June 28th, 2002 at 09:55 AM
the ability to sleep job security (with money too, if possible) an end to paranoia
(and i think what jon meant was that he wants an inch or two /below/ the waist…)
:P
June 28th, 2002 at 10:00 AM
Not big enough for you, nifkin?
Hey, apparently there is work to be had in NYC. Come up, start interviewing. Indeed.
June 28th, 2002 at 10:20 AM
Too much time spent with the herb lady makes megami paranoid as well.
Once I was on a similar canoe trip around (appropriately enough, Canoe Lake) with a friend and we were both paranoid. We stopped our paddling near a very brushy shore to smoke some weed, and by the end of it we were terrified that a big moose was going to charge out of the woods and into the lake and get us.

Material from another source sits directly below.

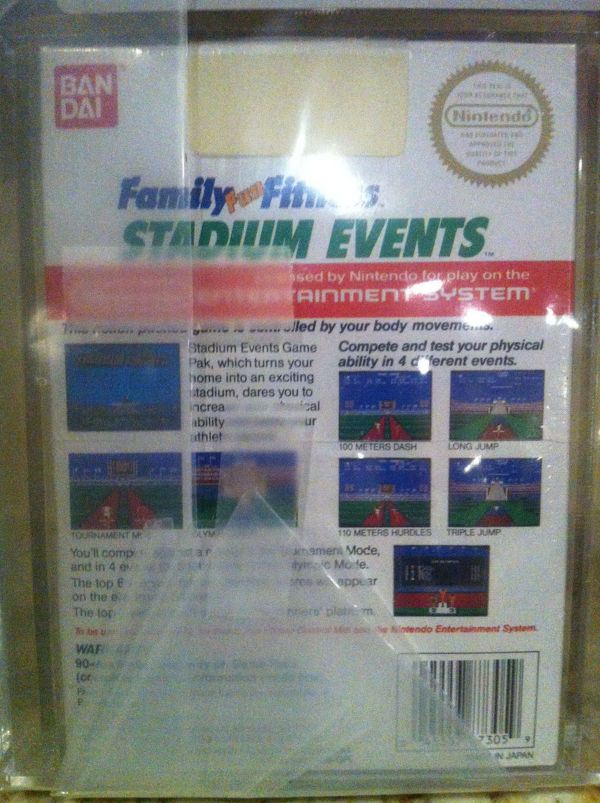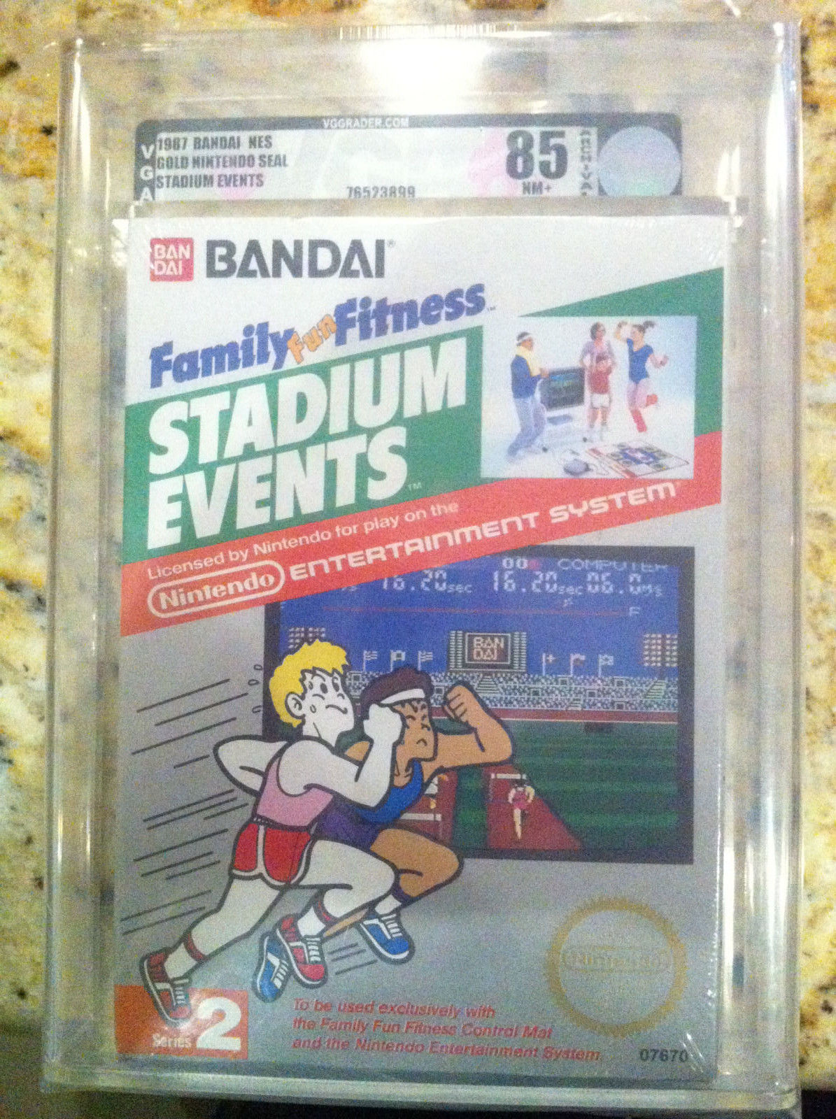 Unatoč velikim igrama koje igramo danas i koje su, same po sebi, već dovoljno skupe, svako malo se pojavljuje i neka stara rijetka igra koja svojom skupoćom šokira svijet. Jedna od tih igara je dosta rijetka igra za prvu Nintendo konzolu kojaće se prodati na eBayu za čak 105 tisuća američkih dolara. Stadium Events, koju je izdao Bandai davne 1987.godine, se smatra jedno od najrijeđih konzolaških igara prvenstveno zbog toga što je bila povučena s tržišta samo nekoliko dana nakon službenog izlaska. Igra je bila planirana za korištenje zajedno sa posebnim gaming madracem (rane verzije današnjeg floor padova koje imamo sa Dance Dance Revolutionom), kojeg je Nintendo otkupio te povukao već objavljenu igru sa tržišta jer svoju verziju te tehnološke inovacije još nisu uspjeli dovršiti. Bilo je proizvedeno samo 2000 kopija, od čega je samo 200 završilo u trgovinama, a od toga ih je bilo prodano jako malo. Poznato je da postoje samo 2 primjerka koja su još uvijek u originalnom pakiranju, a od toga je jedan upravo prodan. Vlasnik je bio bivši zaposlenik Nintenda koji je tijekom tog vremena radio tamo.

My three things at this very moment: 1. piece of mind (about my grandma) 2. money 3. independant residence (my OWN place with Remy and the Monkey…who knows when we’ll be able to afford the rent in this town)
June 28th, 2002 at 10:21 AM
I should very much like to collaborate on this writing thing with you fine folks. I think it’s a great idea.
June 28th, 2002 at 10:45 AM
I’ll play along:
1. Alias Gal (preferably the real Alias Gal -from the show, but that’s unlikely, so another Alias Gal is ok.) 2. more will power 3. my f’n johnson (“what do you need that for, Dude?”)
June 28th, 2002 at 12:16 PM
[1] Peace of mind. (chemical or psychological – take your pick)
[2] Owning a secondhand bookshop by the sea with a Happy Mrs kafk and little kafklets.
[3] Um.. a Green Card?
June 28th, 2002 at 12:41 PM
Whoops…I meant PEACE of mind as well. Duh. DUH.
June 28th, 2002 at 12:43 PM
megami, you’re adorable.
I didn’t even notice, but now that you mention it I will say that I might like a piece of mind removed.
June 28th, 2002 at 12:44 PM
thats the point, tobias
i could be missing an inch or two around the waist. if i were, i would be very happy.
danny- just have toby take you to that bar where american girls will love your accent and spend their trustfunds buying you a bookshop after they marry you and you get citizenship.
June 28th, 2002 at 02:29 PM
Jon, that made me laugh! Kafk, I don’t know where you’re from or what your accent sounds like, but Jon’s comment reminded me of an episode of Frazier where Daphne’s brother from Manchester was visiting, and Roz latches right onto him, telling him his accent is so “sophisticated.”